Open Classrooms | Feb. 4-15, 2019
The annual Open Classrooms program generates an overwhelmingly positive response from both faculty who visit classrooms and from the Open Classrooms hosts. Simply put, faculty learn best from their peers!
How it works
Faculty from across the university volunteer to open one or more of their classes to their peers. The CTE will post these class descriptions on this page and visitors then use our handy online sign-up sheet to visit a class. This is a great opportunity to share teaching practices and generate new ideas.
Sign up to Visit an Open Classroom
Sign-ups open Jan. 30th
Open classrooms use a sign-up sheet with limited spaces available. If a class is full, please email the CTE to be added to a waitlist and we will be in touch.
Open Classrooms 2019: Class Descriptions
Seminar in Western Art Music
Alexandra Amati (Arts & Sciences: Performing Arts)
A seminar for upper division music majors about western art music, seminar style, discussion and score study.
Modern African History
Chase Arnold (Arts & Sciences: History)
Rhet 310 Bus and Tech Writing
Roberta D'Alois (Arts & Sciences: Rhetoric and Language)
This class focuses on business and professional writing and is geared for management students, but in truth many students in arts and sciences choose it. Both sections are comprised primarily of international students, many from China. In my past experience the students in this class love visitors!
NewMedia/YouMedia: Writing in Electronic Environments
Cathy Gabor (Arts & Sciences: Rhetoric and Language)
On this day, the class will collaborate to establish grading criteria for the current assignment. This helps clarify expectations and engender student buy-in.
Written Communication II (RHET 120)
Jonathan Hunt (Arts & Sciences: Rhetoric and Language)
This a required writing class that fulfills the Core A2 requirement (Written Communication). The class is activity-based: students do a lot of individual and group work during class. Visitors are invited to participate in activities.
Human Rights Education: Pedagogy & Praxis
Susan Katz (Education: International & Multicultural Education)
This is a highly interactive course where we focus on two different case studies of human rights issues (mass incarceration in the US and displacement due to armed conflict in Colombia) and examine pedagogical approaches towards teaching this content. In particular, we collaborate with Voice of Witness to explore the use of oral history as a powerful methodology for human rights education.
TEC 621 Early Literacy
Helen Maniates (Education: Teacher Education)
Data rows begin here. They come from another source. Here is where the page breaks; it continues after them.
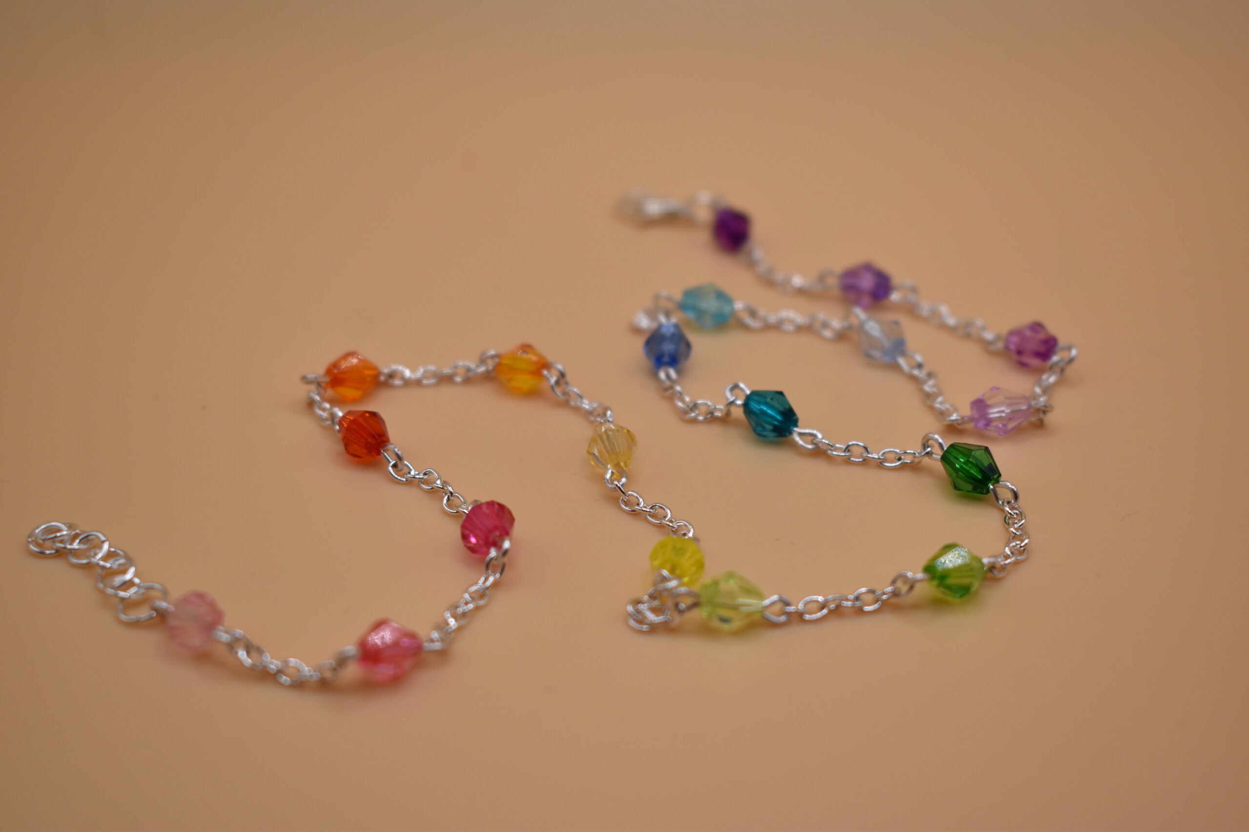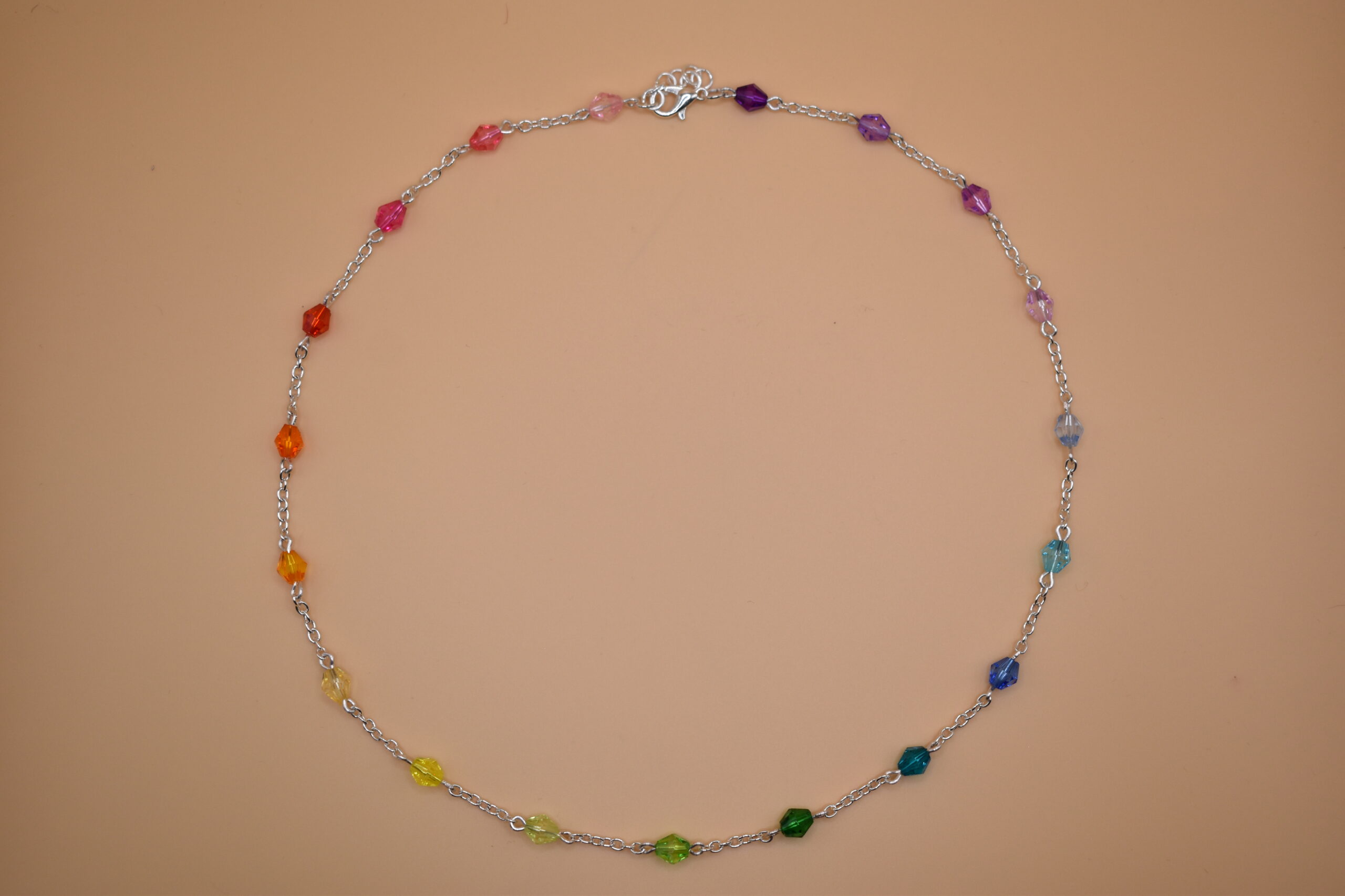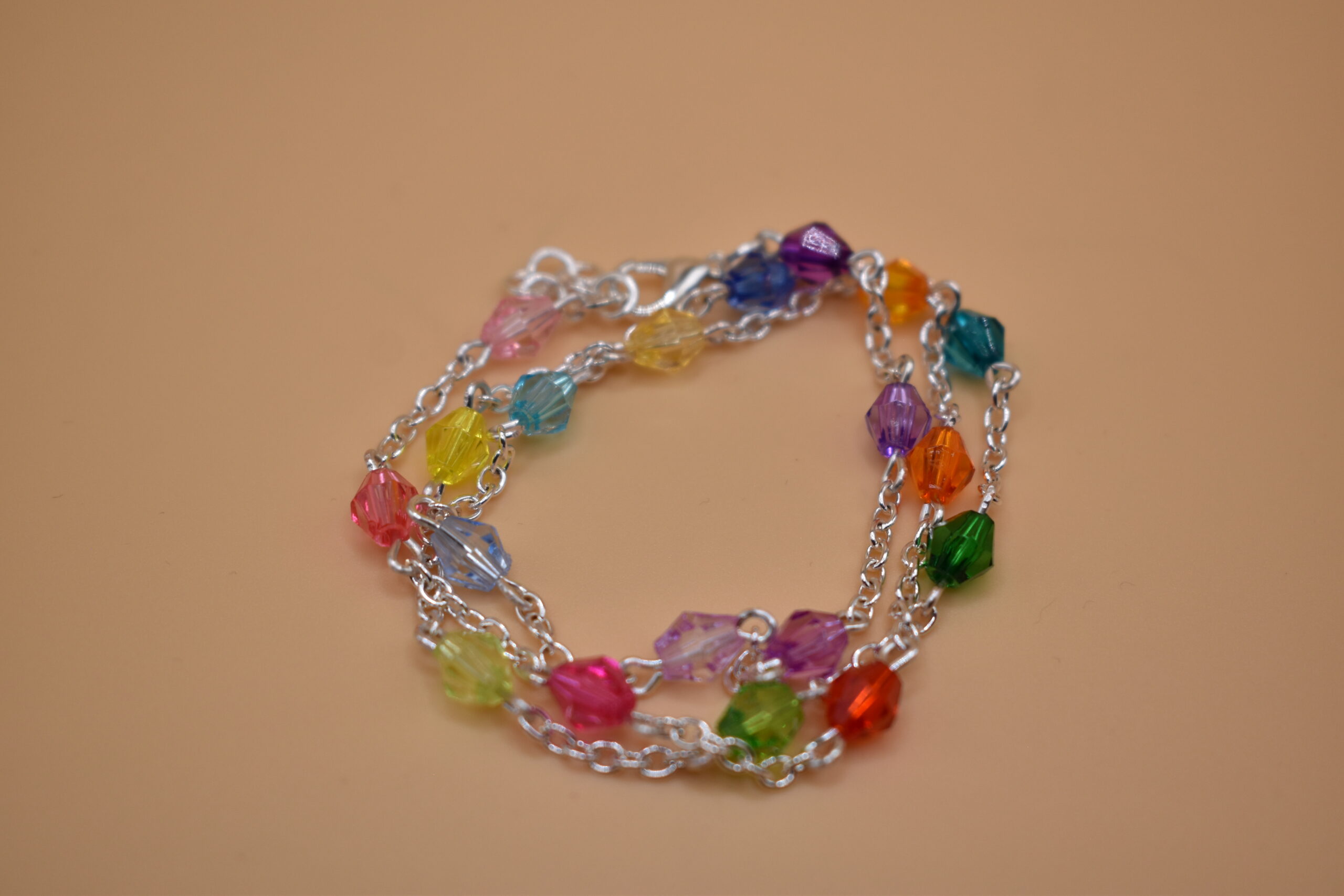 19 – 20 in. long silver necklace with beads that doubles as a bracelet.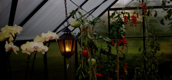 Kasvihuoneessa on ihanan hämyisää kynttilän valossa. Juuri ennen pimeää kynttilä luo kaunista tunnelmaa. Ja lämmittääkin hiukan!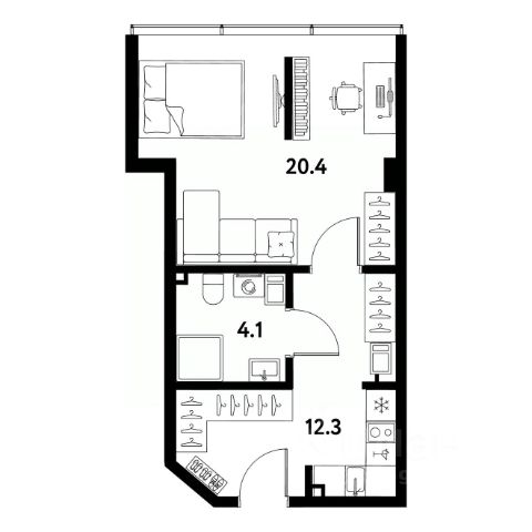 - 2ЕВРО квартира с кладовкой: комната 16,8 м2 и кухня-гостиная 11,8 м2, оборудованный санузел, просторная прихожая;

In this course, teacher education candidates learn to teach beginning reading (grades PK-3) from a developmental, technical and sociocultural perspective. The course covers comprehension, emergent literacy, phonics, fluency, writing, and vocabulary instruction as well as classroom practices, children's literature reflecting diversity and reading assessment of children's assets and next steps.
Mathew Mitchell (Education: Learning and Instruction)
Doctoral level course that explores cognition research into learning strategies. Most of the student content-delivery is done outside of class (via audio, video, readings) and the classroom experience focuses more on active learning approaches for diving deeper into the content.
Written and Oral Communication II, Rhet 131
Michael Rozendal (Arts & Sciences: Rhetoric and Language)
In this class, we are building toward brief Pecha Kucha speeches, visually intensive talks. We will be considering some of the ethics of images, hear a speech from a former student, visually pitch the topics for their speeches, and dig into a way to reimagine visuals.